Fethiye ile Ölüdeniz arasında terkedilmiş bir Rum köyü olan Kayaköy’de, deniz, doğa ve sanatla iç içe tatil anlayışının merkezi haline gelen Kayaköy Sanat Kampı, mistik havasıyla ziyaretçilerin ilgisini çekiyor.

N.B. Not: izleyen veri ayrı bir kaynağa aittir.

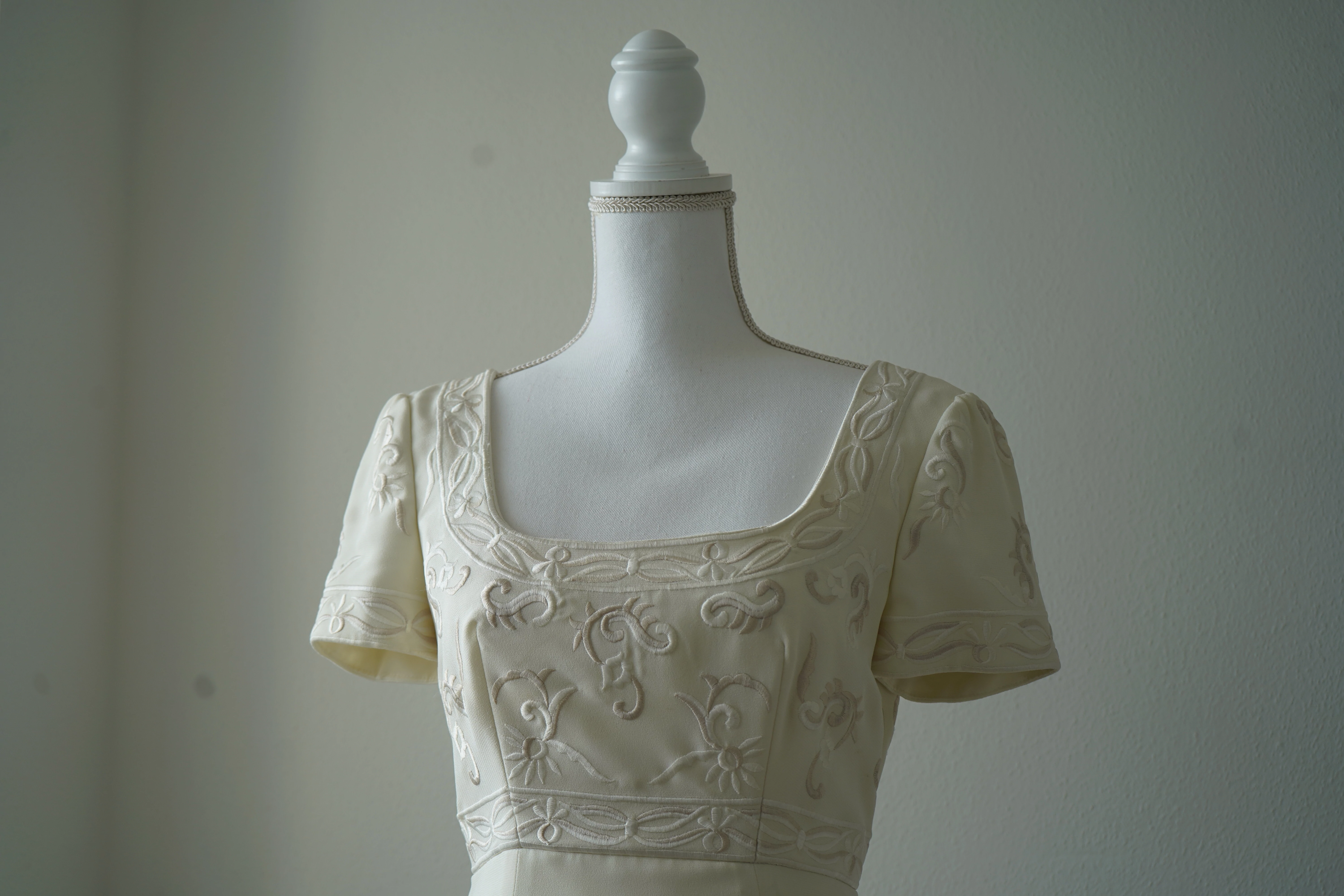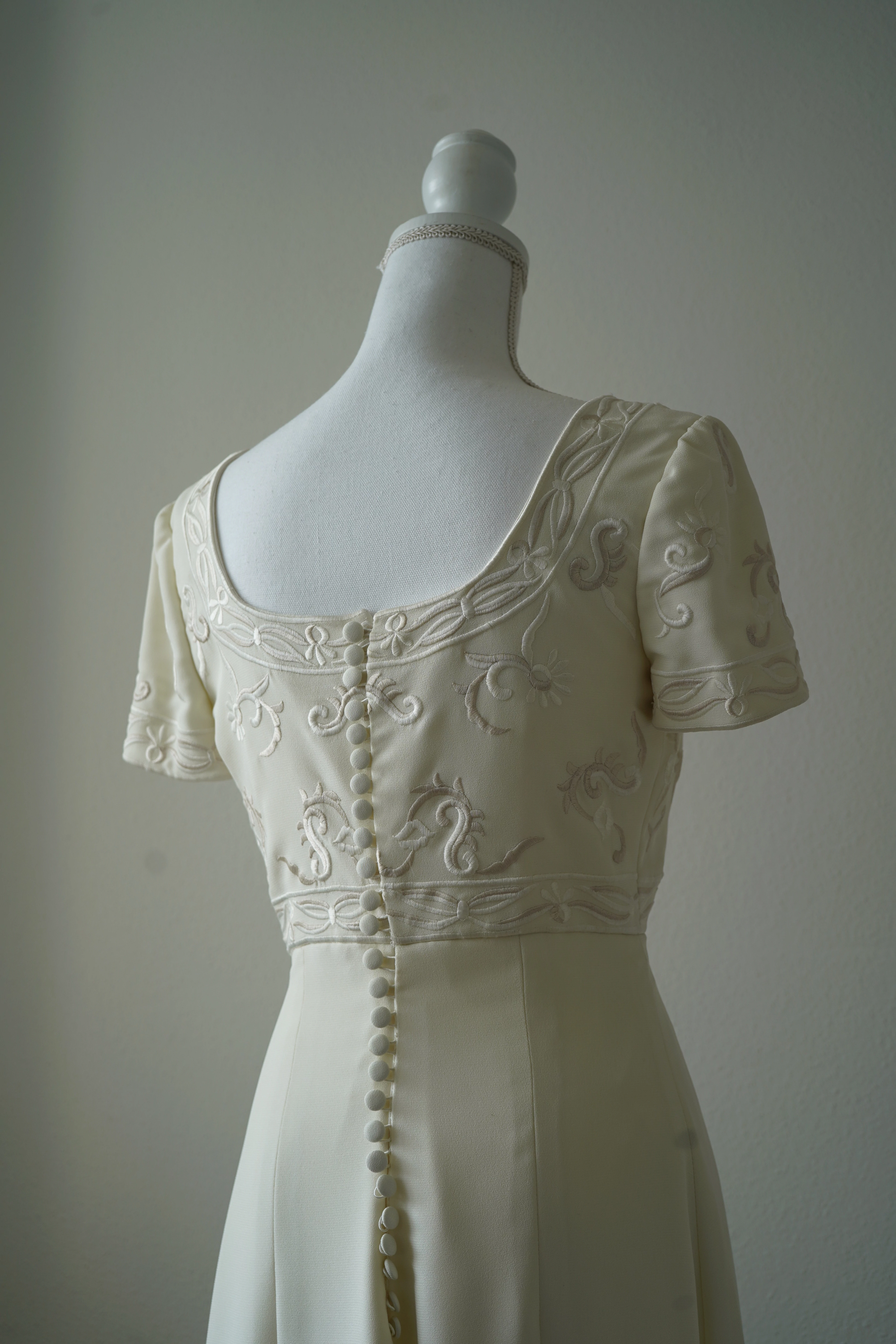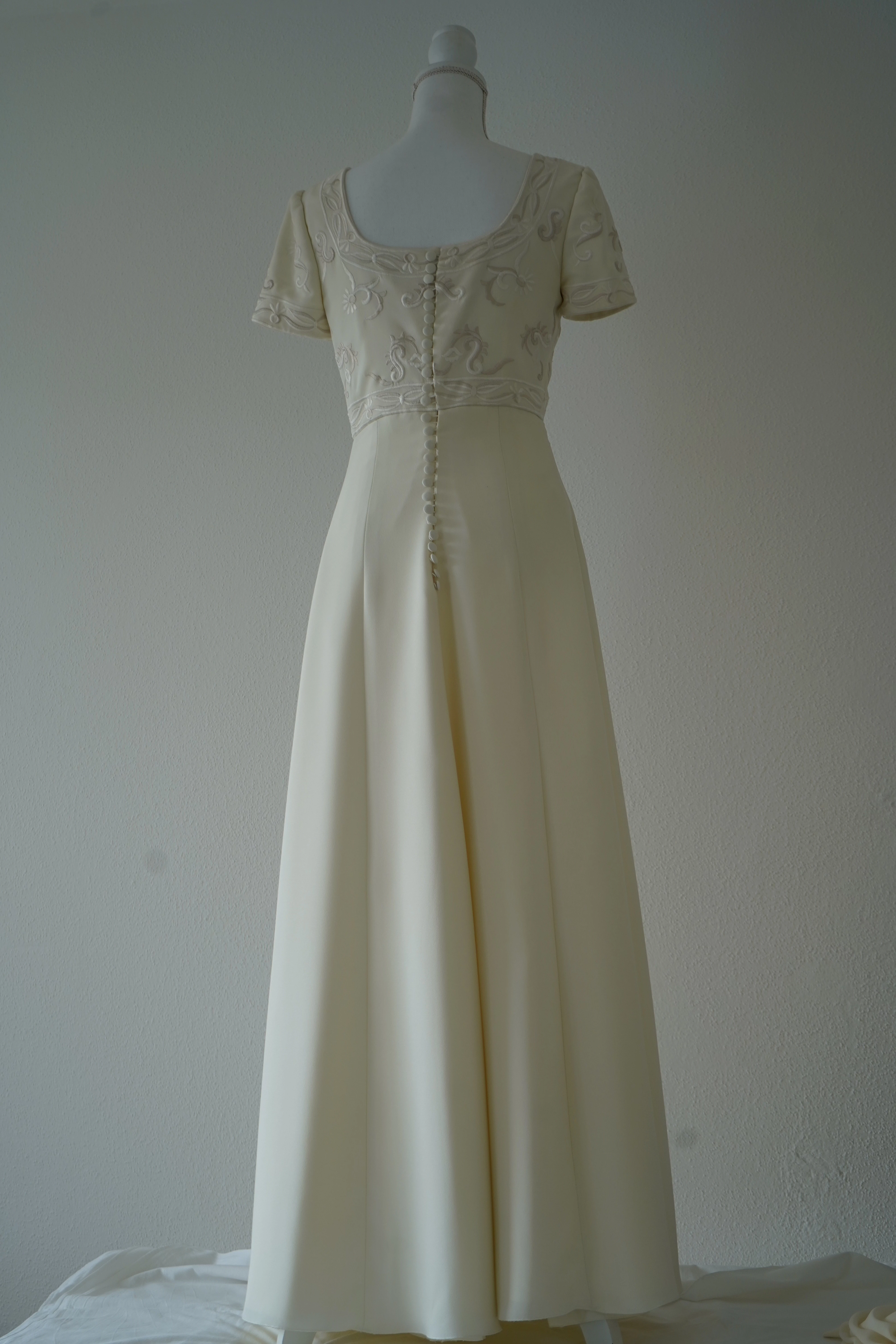 "Elegantes bodenlanges Brautkleid von PRONOVIAS Barcelona in A-Linie bzw. Empire-Stil, mit einem fließenden Stoff aus Crêpe. Durch den lockeren Schnitt und eine hohe Taille wird besonders die Brustpartie betont und die Aufmerksamkeit auf das Dekolletee gelenkt. Quadratischer Ausschnitt und kurze Ärmel. Gesamtes Oberteil mit wunderschöner zweifarbiger Stickerei in Weiß- bzw. Cremetönen aus hochwertigsten Stoffe, mit Liebe, Raffinesse und Qualität gefertigt. Edle Knopfleiste am Rücken.

Deniz, kum, güneş tatil anlayışından sıyrılarak tatilcilere doğa ve sanat dolu tatil anlayışı sunan Kayaköy Sanat Kampı, bu yılda geçmiş yıllara göre büyük ilgi görüyor. Daha önce otellere giderek daha rahat tatil yapacaklarını düşünen tatilciler, sanat kampına uğradıktan sonra bu düşüncelerinden vaz geçiyor. Türkiye’nin birçok şehrinden sanat kampına gelen tatilciler, büyükşehrin kalabalığını, iş stresini sanat kampında atıyor.
Uluslararası katılımcılara da açık olan Kayaköy Sanat Kampı’nda kamp dönemleri güne genellikle yoga yapılarak başlanıyor. Köy kahvaltısından sonra atölye çalışmaları başlıyor ve öğle yemeğine kadar yaklaşık 2,5 saat sürüyor. Fotoğraf, seramik, mandala, ritim, ahşap oyma, go, resim, kilim dokuma, ebru, batik, deri, makrame, yoga gibi çeşitlerin olduğu atölye çalışmalarından istediğinizi seçebiliyorsunuz. Atölye çalışmaları sona erdiğinde ise yakın çevredeki doğal ve tarihi alanlara deniz keyfiyle sonlanan yürüyüşler düzenleniyor. Son yıllarda özellikle büyükşehirden kaçmak isteyenlerin uğrak yeri haline gelen Kayaköy Sanat Kampında hem tatil yapıyorsunuz hem de yeni şeyler öğreniyorsunuz.
İzmir’den Kayaköy Sanat Kampına tatile gelen ve ritim atölyesine katılan Ceylin Özgür; “Burada doğa ve sanatla iç içeyiz. Bunun dışında çok samimi bir ortam var. Buraya ilk defa geldim ama atölyelerimi seçerken bile seneye şu atölyeye giderim diye düşünüyorum. Burada hem eğleniyorsunuz, hem dinleniyorsunuz hem de yeni şeyler öğreniyorsunuz” dedi.
İstanbul’dan Kayaköy Sanat Kampına gelen Melike Yılmaz, ilk defa sanat kampına katıldığını belirtti. Arkadaşlarının tavsiyesi üzerine buraya geldiğini ve oldukça sevdiğini ifade eden Yılmaz; “Buraya gelirken hangi atölyeye gideceğim net değildi. Seramik atölyesini seçtim ve çok doğru bir karar almışım. Çok keyif alıyorum. İstanbul’un stresini atıyorum. Oldukça mistik bir havası var” diye konuştu.
Arkadaşlarının tavsiyesi üzerine İstanbul’dan gelen Aylin Yazıcı; “Daha önceki yıllarda tatil için otele giderdik. Sanırsın ki orada rahat edeceksin. Ama buranın verdiği rahatlık otellerde yok. Çocuklar içinde çok güzel bir ortam var” dedi.
İstanbul’dan gelen Çağrı Çakır; “Burada çok farklı duygular içerisinde kalıyorsunuz. İstanbul’da tüm hayalini kurduğum şeylerin çoğunu burada yaşadım. Bu kadar güzel şeyleri bir haftaya sığdırabiliyorsunuz. Buraya ilk gelişim ama seneye yine geleceğim” ifadelerini kullandı.
İzmir’den gelen ve yoga atölyesini seçen Elif Yürekli; “İlk defa geliyorum. Çok memnunum. Bitmesini istemiyorum” dedi.